A cooperativa, como iniciativa solidária, é capaz de se organizar e potencializar desenvolvimento local. O princípio da preocupação com a comunidade estabelece que para a cooperativa crescer e respeitar sua razão filosófica deve estimular a promoção da elevação geral da qualidade de vida de seus sócios e da comunidade a sua volta.

Analisa-se que a institucionalização desses princípios, bem como sua revisão, têm como objetivo constituir as bases teóricas comuns da doutrina do movimento cooperativista. Por corolário, os princípios adquirem, dessa forma, caráter estruturante fundamental de seu modelo organizacional.
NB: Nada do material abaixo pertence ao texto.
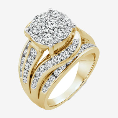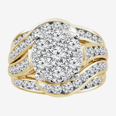 Round 3 CT.T.W. Natural Diamond Side Stone Engagement Ring in 10K or 14K Gold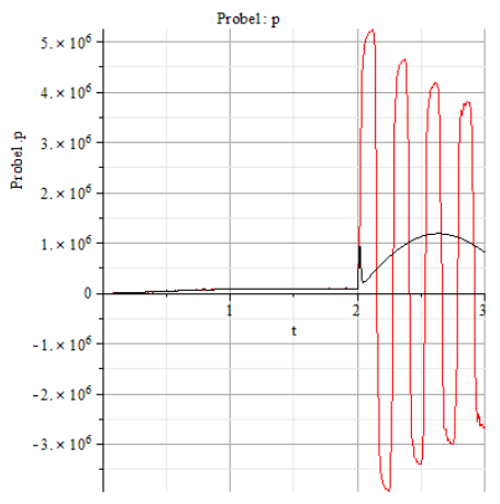Figure 5 demonstrates the pressure surge at the end of a pipeline with (black) and without (red) an accumulator.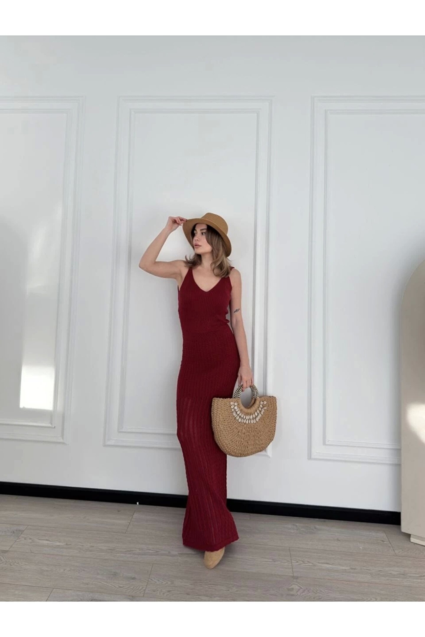 Örgülü Uzun Triko Elbise - Bordo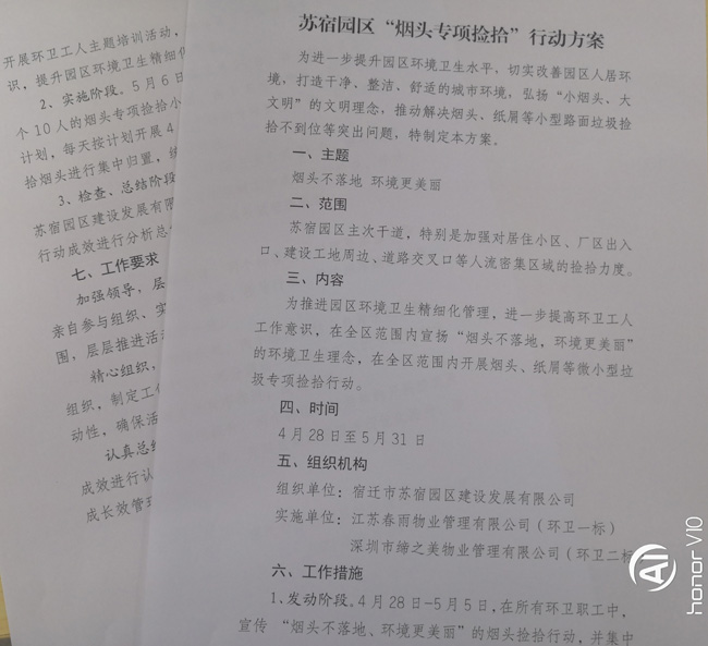 為了確?!盁燁^專項(xiàng)撿拾”行動順利開展,公司結(jié)合園區(qū)實(shí)際,精心籌劃,制定了《蘇宿園區(qū)“煙頭專項(xiàng)撿拾”行動方案》。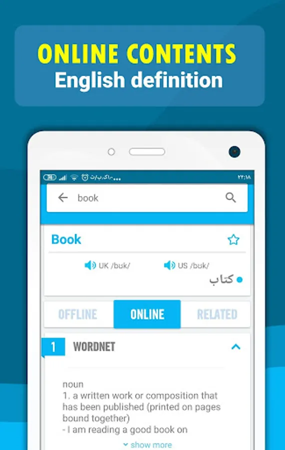 A. General section: in this section, Common meaning or translate of word showed. user see British and American phonetics and can listen British pronunciations and American pronunciation of word By pressing speakers, pronunciations of words in offline and online mode, for better word pronunciation need to connect to Internet. Last things exist in this sections is star, by touching it user can add word to favorite word list.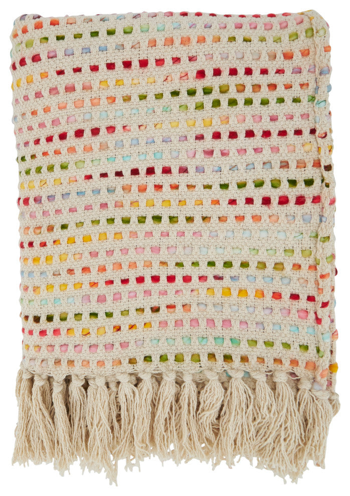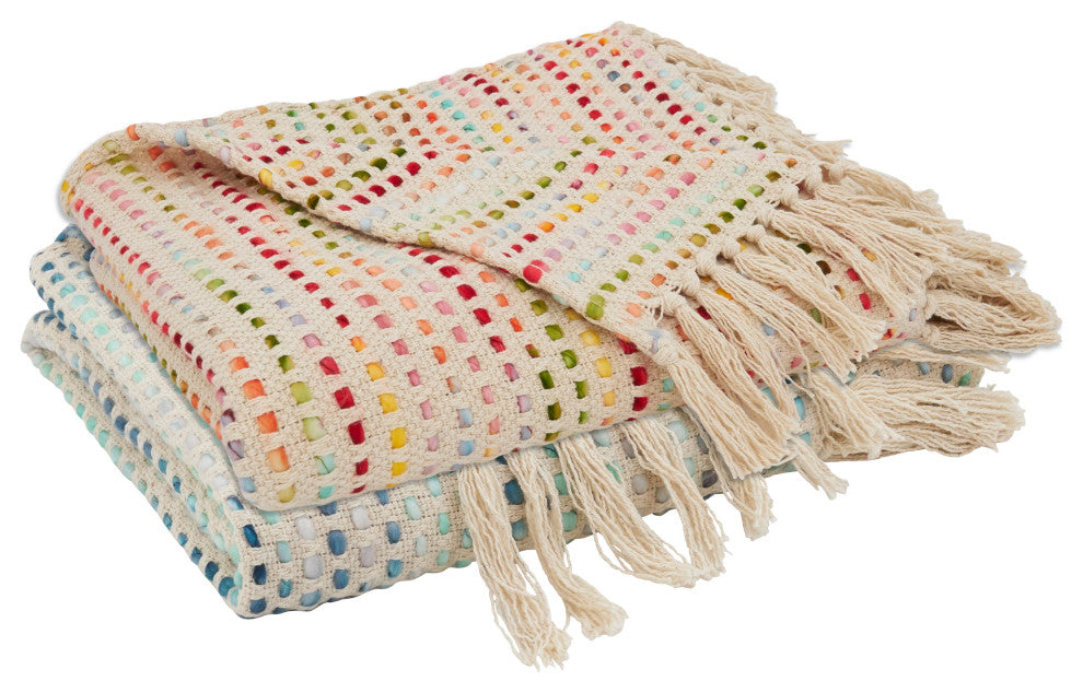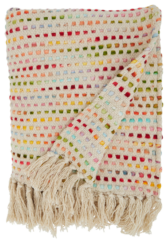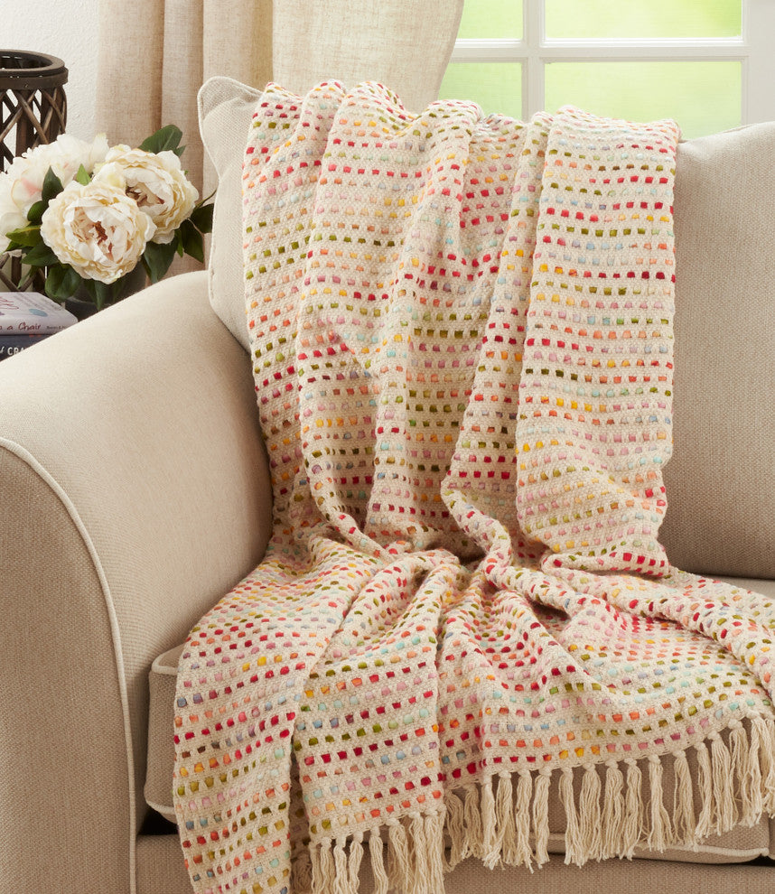 The Confetti Design Throw Blanket features a woven design that brings texture and dimension to your home and decor. It''s great for both indoor and outdoor use to keep you cozy all year round. The ends are finished with tasseled edges to complete the look.

São diretrizes de conduta e atuação das cooperativas, os quais, alinhados com os pressupostos filosóficos e operacionais da organização coletiva do trabalho, institucionalizam e modelam a cooperativa enquanto organização específica; tornam-se, inclusive, referência internacional de prática e reflexão, contribuindo para a formação de identidade organizacional cooperativista.

Desses princípios pode derivar a definição geral, doutrinária e identitária de cooperativas, conceituando-as como empreendimentos solidários, abertos, geridos de forma democrática, autônoma e independente, para centralizar a remuneração no trabalho, neutra de interesses políticos, religiosos e/ou de raça, cujo objetivo é promover o desenvolvimento de seus sócios e comunidade local.